What you need to do. What you submit must be an exact copy of the listing below, with no images in it.

Data excerpt.
----------
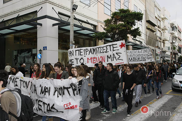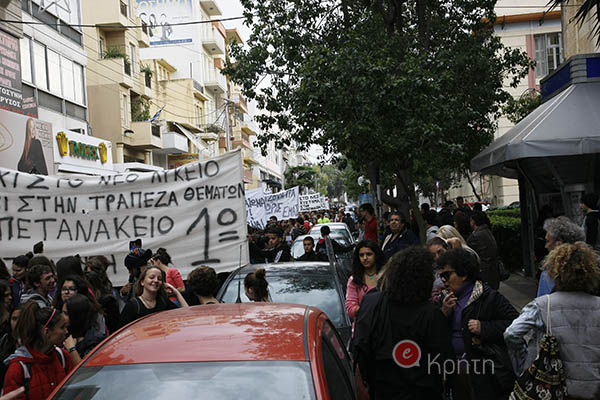 Στην πλατεία Ελευθερίας έδωσαν ραντεβού οι μαθητές σχολείων του νομού Ηρακλείου, οι οποίοι πραγματοποίησαν νέα συγκέντρωση και πορεία, σε ένδειξη διαμαρτυρίας για το Νέο Λύκειο, την Τράπεζα Θεμάτων και τις ελλείψεις εκπαιδευτικών. Κρατώντας πανό και φωνάζοντας συνθήματα οι μαθητές μαζί με εκπαιδευτικούς προχώρησαν στο νέο μαθητικό συλλαλητήριο.
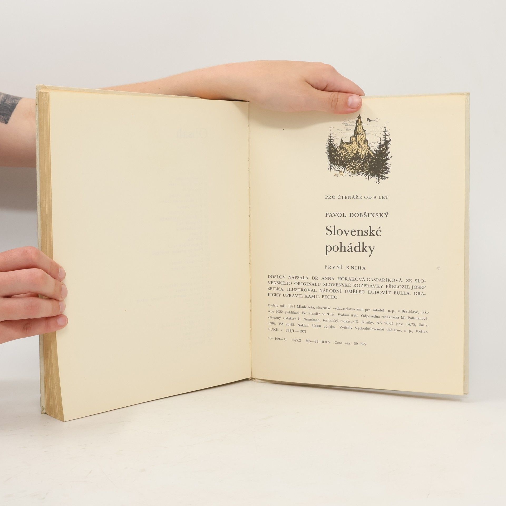 první kniha ze sbírky Pavla Dobšinského, il. Národní umělec L´udovít Fulla, OBSAH: Dlouhý nos, Dobrý střelec, O větrném králi, Popeláček, Tři zlaté hrušky, Tři zhavranělí bratři, Pyšná panna, Radúz a Ludmila, Šurienaka a Atalienka, Sluncový kůň, Černokněžník, Jelínek, Nebojsa,Světovládný rytíř, Pozdrav pánbu, lavičko!,, Trojrůže, Ztracený chlapec, Divotvorný lovec, Tři stromy, Berona, Zlatá panna Mahulena, Zakletý zámek, Dvanáct bratrů a třináctá sestra, Čert slouží, Železník, Sůl nad zlato, Zlatá přadlena, O dvanácti měsíčkách, Tři holoubic, Zaltovláska, Prorok Rak, Dřevěná kráva.
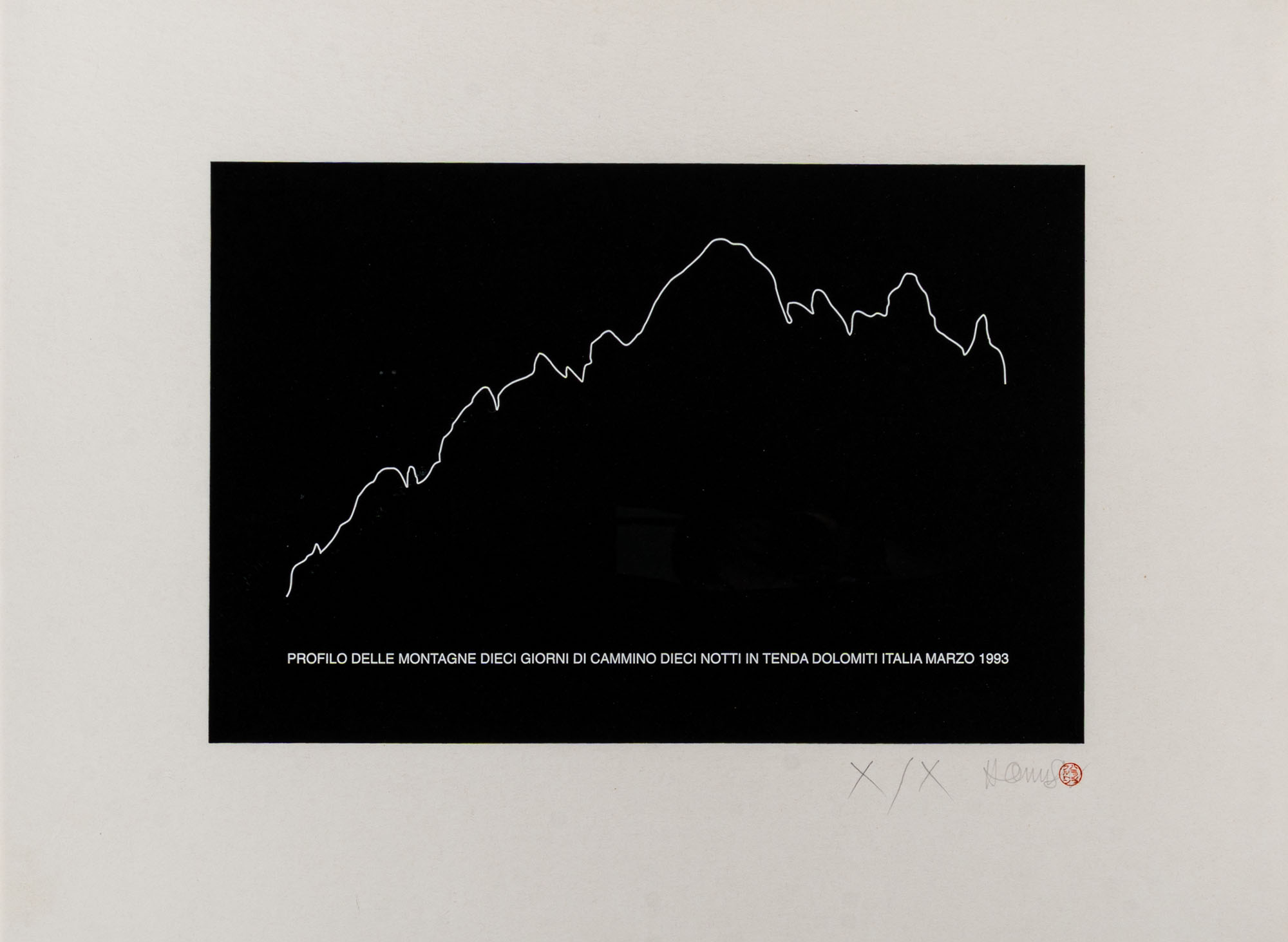 HAMISH FULTON(1946)Profilo delle montagne1993Serigrafia su carta Hahnemühle, es. X/X su una tiratura complessiva di 50 esemplari in numeri arabi e 10 esemplari in numeri romani66,5 x 89 cmFirmata, numerata e timbrata in basso a destraPROVENIENZA:Collezione privata, Milano
----------
Result of this exercise.
 Στην πλατεία Ελευθερίας έδωσαν ραντεβού οι μαθητές σχολείων του νομού Ηρακλείου, οι οποίοι πραγματοποίησαν νέα συγκέντρωση και πορεία, σε ένδειξη διαμαρτυρίας για το Νέο Λύκειο, την Τράπεζα Θεμάτων και τις ελλείψεις εκπαιδευτικών. Κρατώντας πανό και φωνάζοντας συνθήματα οι μαθητές μαζί με εκπαιδευτικούς προχώρησαν στο νέο μαθητικό συλλαλητήριο.
 první kniha ze sbírky Pavla Dobšinského, il. Národní umělec L´udovít Fulla, OBSAH: Dlouhý nos, Dobrý střelec, O větrném králi, Popeláček, Tři zlaté hrušky, Tři zhavranělí bratři, Pyšná panna, Radúz a Ludmila, Šurienaka a Atalienka, Sluncový kůň, Černokněžník, Jelínek, Nebojsa,Světovládný rytíř, Pozdrav pánbu, lavičko!,, Trojrůže, Ztracený chlapec, Divotvorný lovec, Tři stromy, Berona, Zlatá panna Mahulena, Zakletý zámek, Dvanáct bratrů a třináctá sestra, Čert slouží, Železník, Sůl nad zlato, Zlatá přadlena, O dvanácti měsíčkách, Tři holoubic, Zaltovláska, Prorok Rak, Dřevěná kráva.
 HAMISH FULTON(1946)Profilo delle montagne1993Serigrafia su carta Hahnemühle, es. X/X su una tiratura complessiva di 50 esemplari in numeri arabi e 10 esemplari in numeri romani66,5 x 89 cmFirmata, numerata e timbrata in basso a destraPROVENIENZA:Collezione privata, Milano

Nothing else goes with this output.